Task brief. Will you write out the data exactly, excluding every picture?

Material provided.

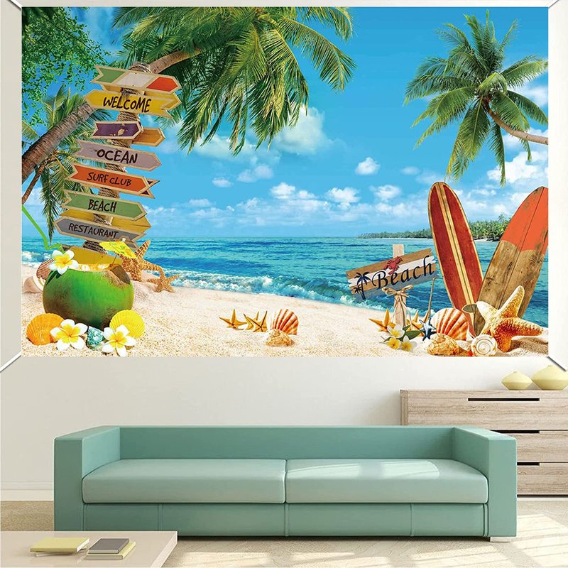 Summer Beach Backdrop Summer Hawaiian Beach Backdrop Seaside Surfboard Portrait Photography Background Aloha Luau Birthday Party Decorations Supplies
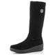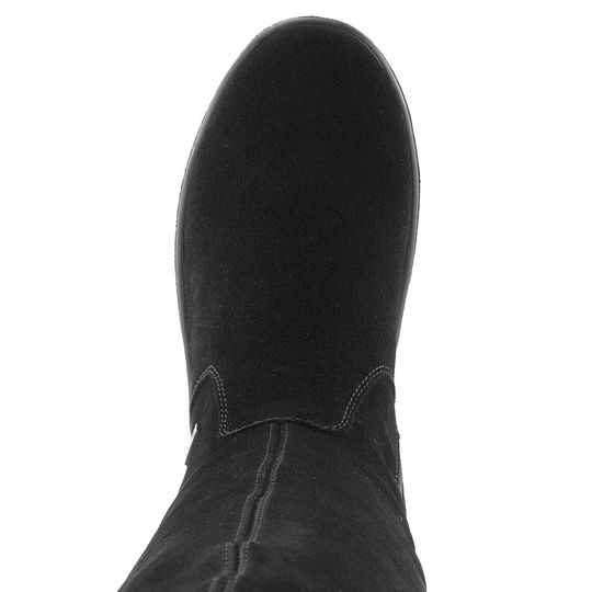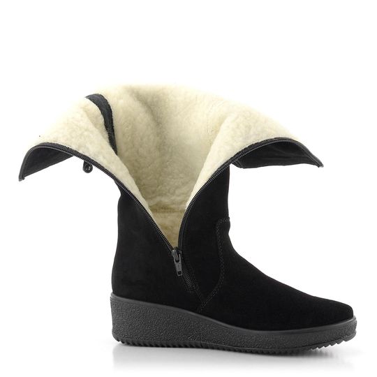 Dámské semišové kozačky na nižším klínku s vlněnou podšívkou a zadním zipem určeným pro regulaci lýtkového obvodu.
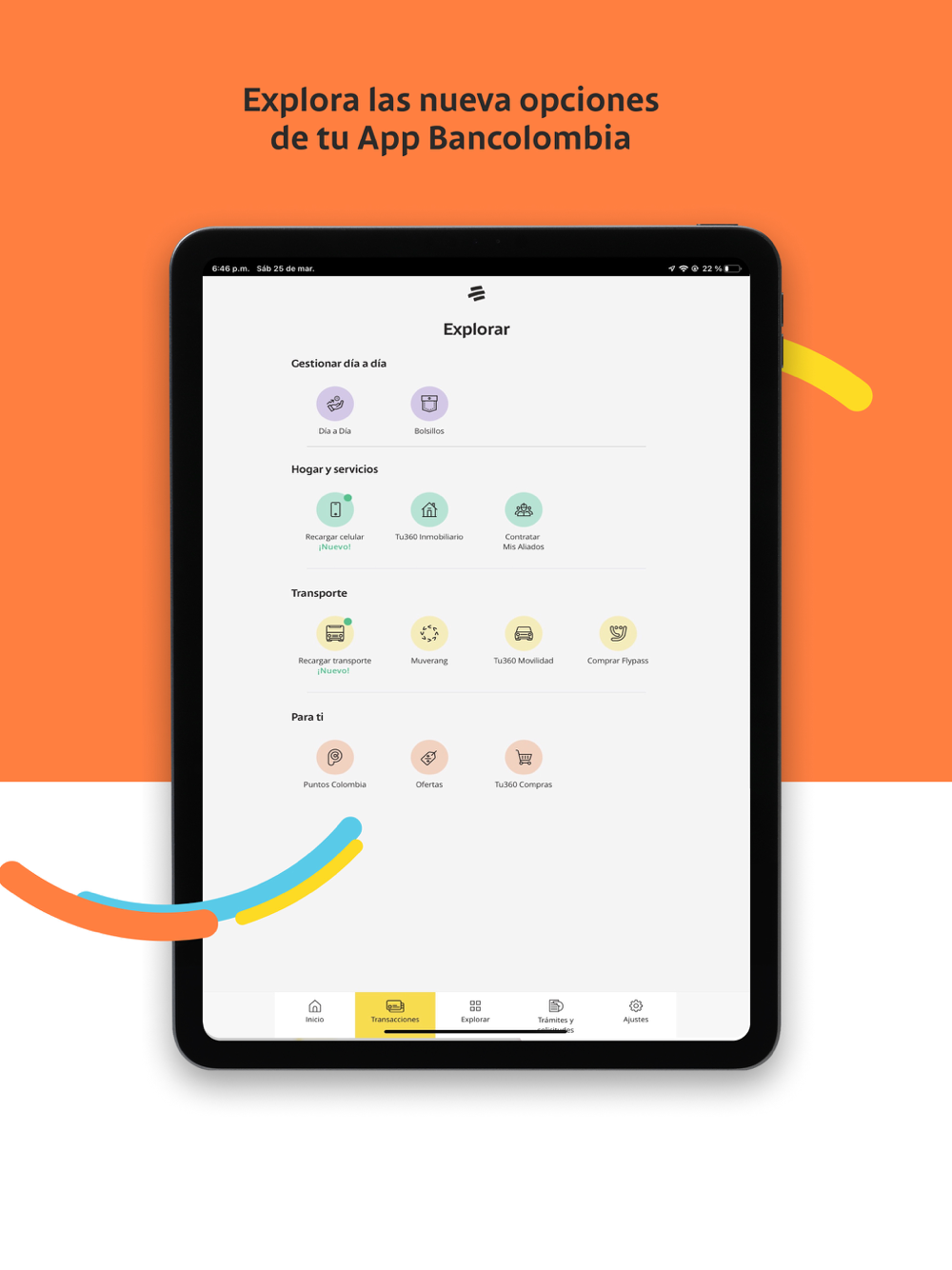• Para ti: Descubre ofertas exclusivas para ti, consulta tus Puntos Colombia y más.
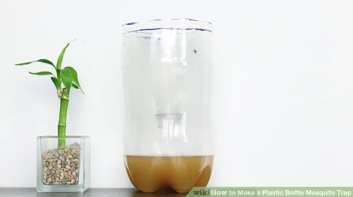 6. นำขวดนี้ไปตั้งไว้ในที่ยุงเยอะๆ ที่มืด หรือตามมุมอับของบ้าน ก๊าซ CO2 จากส่วนผสมข้างในขวด จะทำหน้าที่ล่อให้ยุงมาติดอยู่ในขวด ยุงจะติดและออกไปไหนไม่ได้ เช้ามาก็แค่นำไปกำจัดทิ้งเท่านั้น
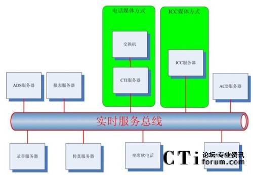 從上圖可以看出,通過實時服務總線,電話媒體方式和ICC媒體方式與其他服務的調用關系保持一致即可:
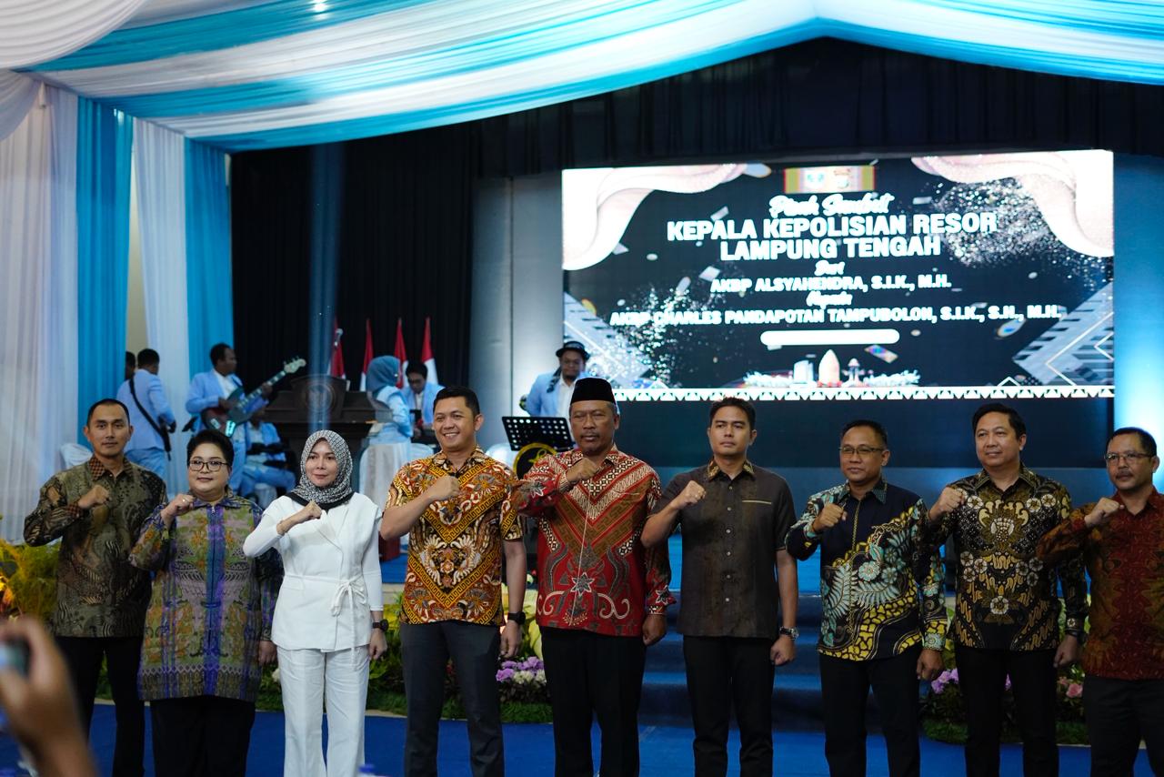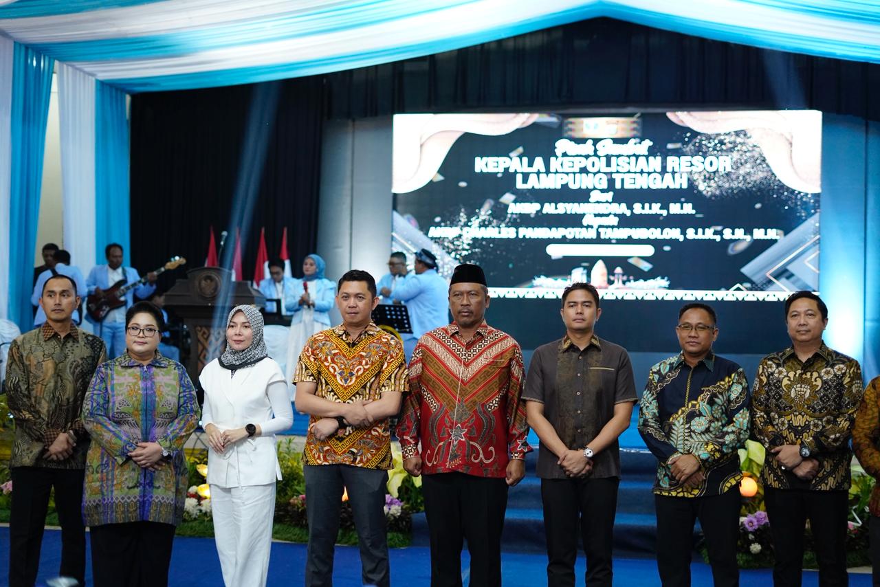 Acara pisah sambut tersebut turut dihadiri unsur Forkopimda Kabupaten Lampung Tengah, pejabat utama Polres Lampung Tengah, para kepala organisasi perangkat daerah (OPD), perwakilan TNI, tokoh agama, tokoh masyarakat, tokoh adat, serta tamu undangan lainnya.
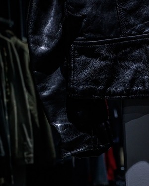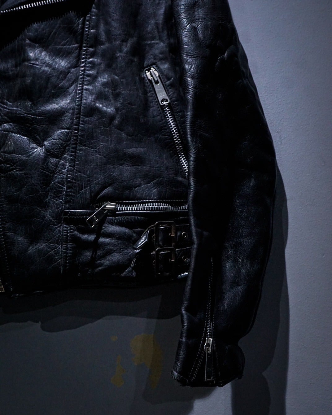 しっとりとした艶と力強いシワ感を刻んだブラックレザーは、長年の着用によってしか生まれない深みを帯び、唯一無二の存在感を放っています。
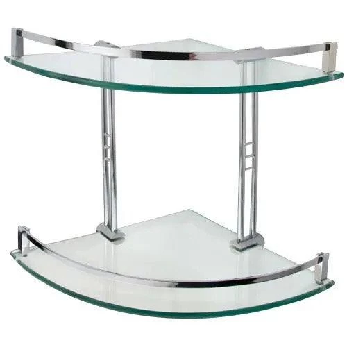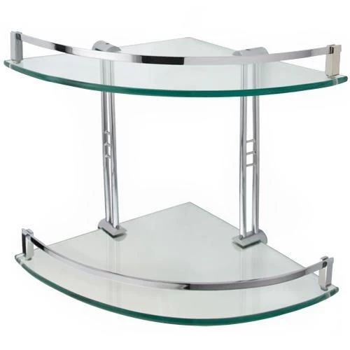 The Engel Tempered Glass Corner Shelf features two shelves and a decorative solid brass railing that serves to help prevent toiletries from falling. This shelf is the perfect choice when trying to make the most of your bathroom space.
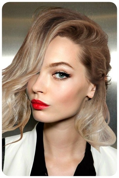 Глаза, накрашенные с использованием мерцающего синего цвета и накрашенные губы – вот то, что вам нужно для летней вечеринки.
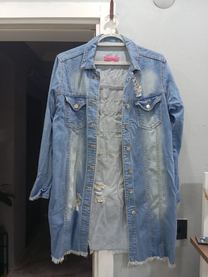 Düğmeli, uzun kesim ve bol fit kot ceket. Uzun kollu, keskin yaka detaylı, günlük kullanıma uygun sade mavi tonlarında.
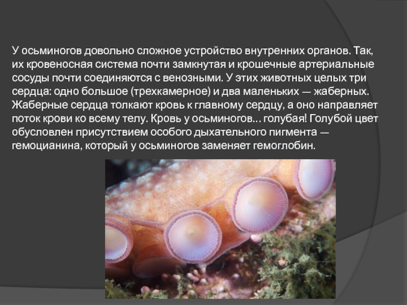 Слайд 6У осьминогов довольно сложное устройство внутренних органов. Так, их кровеносная система
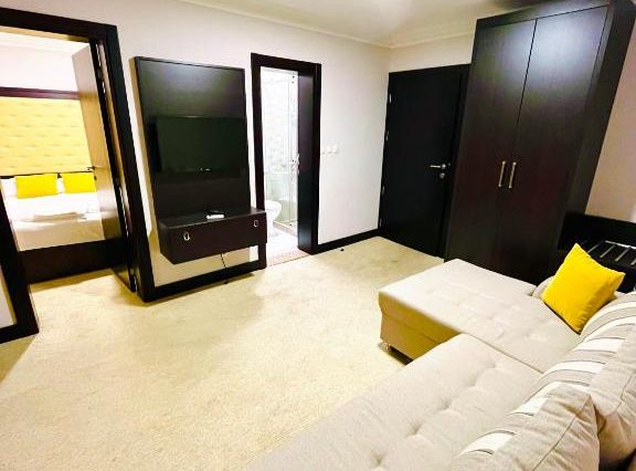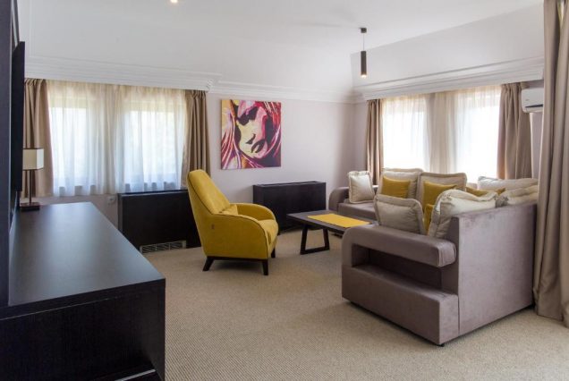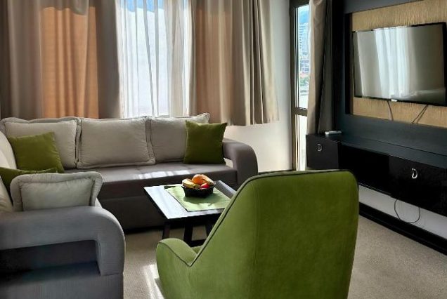 Оснащение: Smart TV, кофемашина, Bluetooth-колонка, мини-бар, сейф
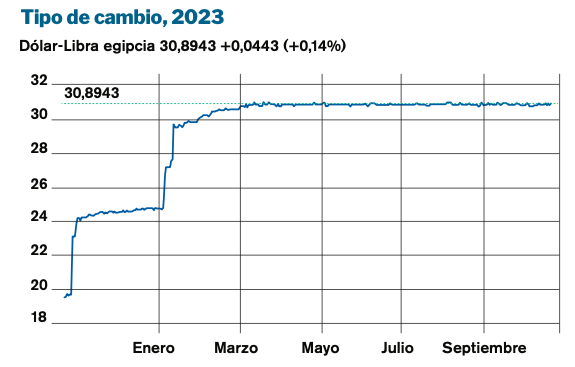 D’autre part, l’Égypte se trouve dans une situation difficile. L’inflation sous-jacente a plus que doublé entre octobre 2022 (19 %) et août 2023 (40 %). Une grande partie de cette hausse des prix a été induite par l’énorme dépréciation de la valeur de la livre égyptienne, en raison de la rareté des dollars et du caractère intensif en importations des secteurs productifs du pays, qui est également importateur net de denrées alimentaires et de carburant. Le FMI a revu à la baisse le taux de croissance de l’Égypte en 2023, qui est passé de 4,4% à 3,7%.
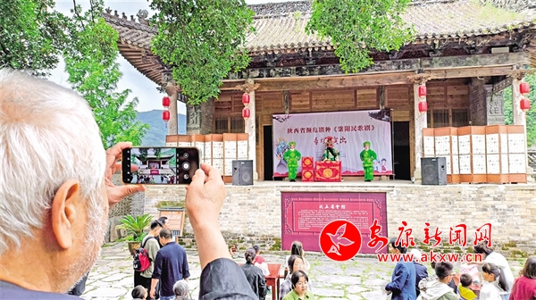 紫陽縣向陽鎮的北五省會館景區迎來了八方游客。圖為5月1日下午,游客在北五省會館小院里欣賞《紫陽民歌劇》專場演出。儲茂銀 攝ekf安康新聞網

Answer area.
 Summer Beach Backdrop Summer Hawaiian Beach Backdrop Seaside Surfboard Portrait Photography Background Aloha Luau Birthday Party Decorations Supplies
 Dámské semišové kozačky na nižším klínku s vlněnou podšívkou a zadním zipem určeným pro regulaci lýtkového obvodu.
• Para ti: Descubre ofertas exclusivas para ti, consulta tus Puntos Colombia y más.
 6. นำขวดนี้ไปตั้งไว้ในที่ยุงเยอะๆ ที่มืด หรือตามมุมอับของบ้าน ก๊าซ CO2 จากส่วนผสมข้างในขวด จะทำหน้าที่ล่อให้ยุงมาติดอยู่ในขวด ยุงจะติดและออกไปไหนไม่ได้ เช้ามาก็แค่นำไปกำจัดทิ้งเท่านั้น
 從上圖可以看出,通過實時服務總線,電話媒體方式和ICC媒體方式與其他服務的調用關系保持一致即可:
 Acara pisah sambut tersebut turut dihadiri unsur Forkopimda Kabupaten Lampung Tengah, pejabat utama Polres Lampung Tengah, para kepala organisasi perangkat daerah (OPD), perwakilan TNI, tokoh agama, tokoh masyarakat, tokoh adat, serta tamu undangan lainnya.
 しっとりとした艶と力強いシワ感を刻んだブラックレザーは、長年の着用によってしか生まれない深みを帯び、唯一無二の存在感を放っています。
 The Engel Tempered Glass Corner Shelf features two shelves and a decorative solid brass railing that serves to help prevent toiletries from falling. This shelf is the perfect choice when trying to make the most of your bathroom space.
 Глаза, накрашенные с использованием мерцающего синего цвета и накрашенные губы – вот то, что вам нужно для летней вечеринки.
 Düğmeli, uzun kesim ve bol fit kot ceket. Uzun kollu, keskin yaka detaylı, günlük kullanıma uygun sade mavi tonlarında.
 Слайд 6У осьминогов довольно сложное устройство внутренних органов. Так, их кровеносная система
 Оснащение: Smart TV, кофемашина, Bluetooth-колонка, мини-бар, сейф
 D’autre part, l’Égypte se trouve dans une situation difficile. L’inflation sous-jacente a plus que doublé entre octobre 2022 (19 %) et août 2023 (40 %). Une grande partie de cette hausse des prix a été induite par l’énorme dépréciation de la valeur de la livre égyptienne, en raison de la rareté des dollars et du caractère intensif en importations des secteurs productifs du pays, qui est également importateur net de denrées alimentaires et de carburant. Le FMI a revu à la baisse le taux de croissance de l’Égypte en 2023, qui est passé de 4,4% à 3,7%.
 紫陽縣向陽鎮的北五省會館景區迎來了八方游客。圖為5月1日下午,游客在北五省會館小院里欣賞《紫陽民歌劇》專場演出。儲茂銀 攝ekf安康新聞網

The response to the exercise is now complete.